# Problem to solve
Once the line with "カットソーやシャツ、ニット、" is found in the entries below, repeat it and each following line exactly, up to and including the line with "休校だった影響で6月になって". Add no other lines.
Data in this exercise Start Marker
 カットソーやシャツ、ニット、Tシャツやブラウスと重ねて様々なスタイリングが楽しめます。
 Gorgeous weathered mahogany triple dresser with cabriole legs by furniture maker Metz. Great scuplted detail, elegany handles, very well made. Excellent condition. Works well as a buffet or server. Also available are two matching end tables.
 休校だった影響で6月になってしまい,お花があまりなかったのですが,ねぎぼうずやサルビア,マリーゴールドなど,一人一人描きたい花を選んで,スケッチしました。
Data in this exercise End Marker
Data in this exercise Start Marker
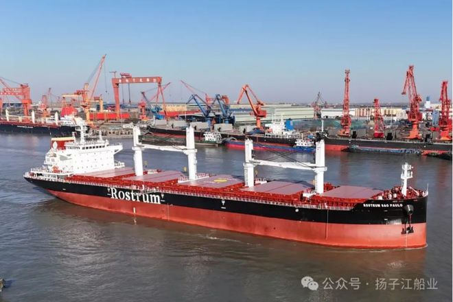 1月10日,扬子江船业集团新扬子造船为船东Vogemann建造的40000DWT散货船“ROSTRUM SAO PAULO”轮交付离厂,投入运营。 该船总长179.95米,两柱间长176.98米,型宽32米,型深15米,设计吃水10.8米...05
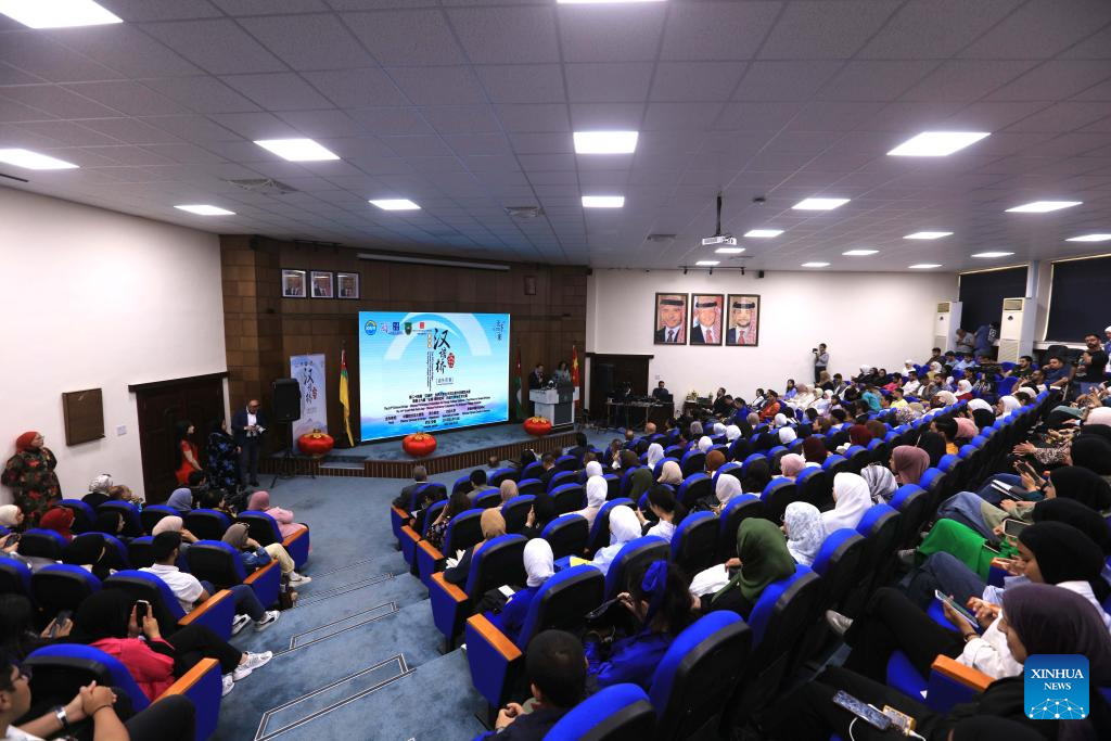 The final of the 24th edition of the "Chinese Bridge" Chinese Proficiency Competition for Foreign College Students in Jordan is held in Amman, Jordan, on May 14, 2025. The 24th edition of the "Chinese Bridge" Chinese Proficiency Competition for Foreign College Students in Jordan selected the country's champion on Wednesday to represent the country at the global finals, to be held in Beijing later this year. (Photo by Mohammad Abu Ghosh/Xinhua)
Data in this exercise End Marker
# Written answer
 カットソーやシャツ、ニット、Tシャツやブラウスと重ねて様々なスタイリングが楽しめます。
 Gorgeous weathered mahogany triple dresser with cabriole legs by furniture maker Metz. Great scuplted detail, elegany handles, very well made. Excellent condition. Works well as a buffet or server. Also available are two matching end tables.
 休校だった影響で6月になってしまい,お花があまりなかったのですが,ねぎぼうずやサルビア,マリーゴールドなど,一人一人描きたい花を選んで,スケッチしました。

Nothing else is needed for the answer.